Philadelphia art-punks MESH tap into a healthy distrust of the American government on their latest single.
Citing influences from the likes of Swell Maps, UV Race and Uranium Club, the quartet’s wiry, blown-out sound is propelled by insistent warnings about a modern-day Manchurian candidate.
In a statement on the song, they describe how “CIA Mind Control” was loosely inspired by a 1988 episode of NPR’s Fresh Air, where Grateful Dead lyricist Robert Hunter discusses his involvement in the Stanford University LSD trials.
“The trials were secretly funded by the CIA in an effort to see if psychedelic substances could be used to make people more suggestible, they said in a statement. “So they took him into this room, gave him a bunch of acid, and had him stare at one of those spinning hypno-wheels that you used to see in Bugs Bunny cartoons, then ask him what he was experiencing.”
They continued: “To their dismay, he would explain these insane visuals of Buddha floating in intergalactic mason jars or whatever insane thing he was seeing.

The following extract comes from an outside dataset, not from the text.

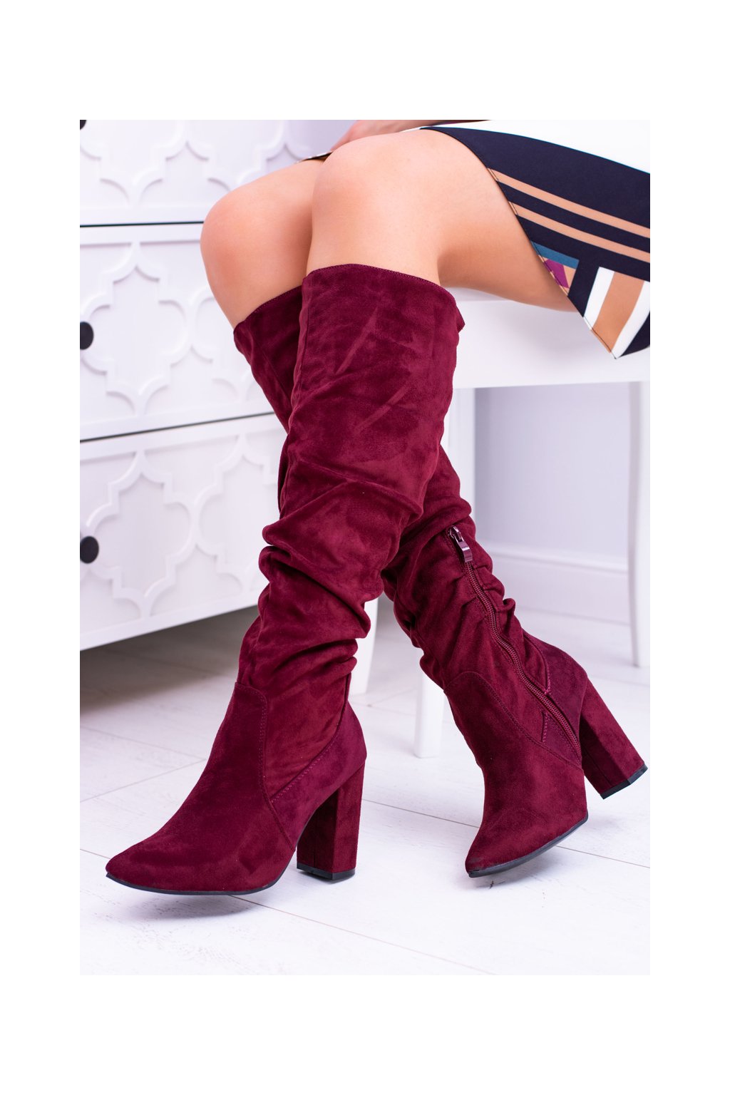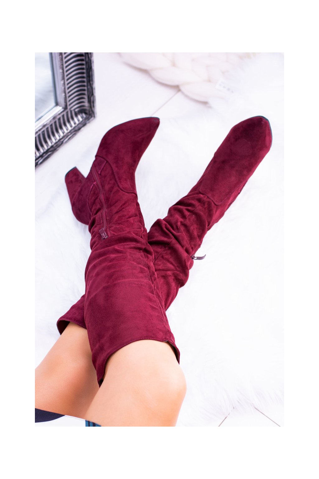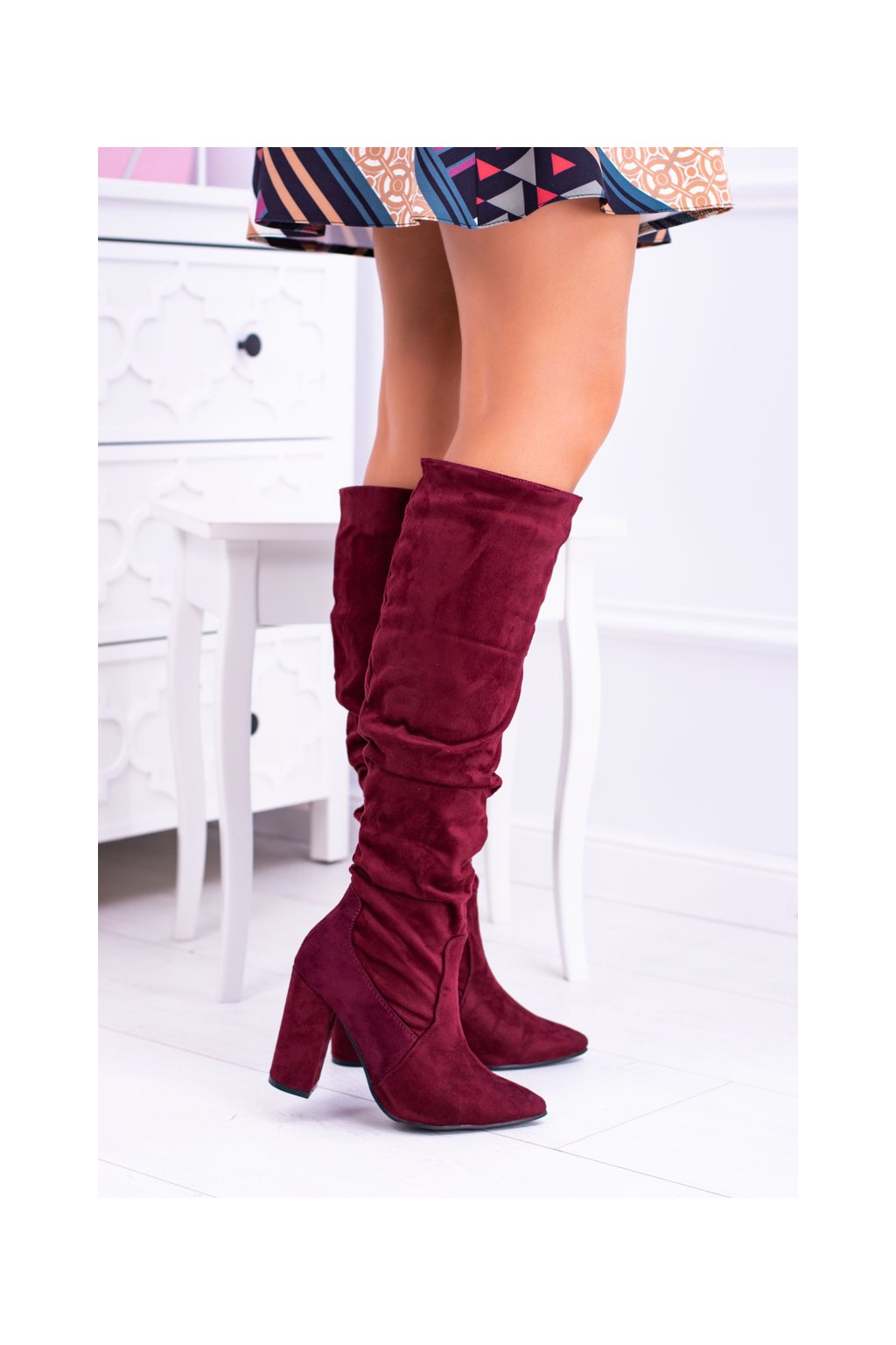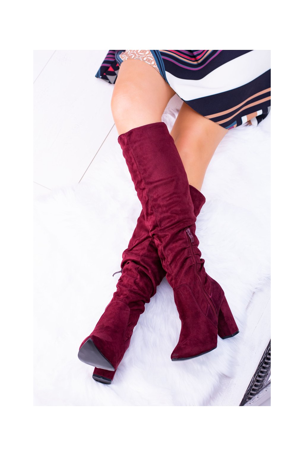 Červené dámske semišové členkové čižmy na podpätku, Nightcall 77-1 BURGUNDY

So basically it didn’t work for their purposes. Instead, they just had all these college students licking the walls and talking about fractals. ‘CIA Mind Control’ is a sort of spoof on the idea of that project actually working. Someone getting dosed and becoming a Matrix-esque covert assassin.”
MESH’s self-titled debut EP is available May 21 from Born Yesterday Records.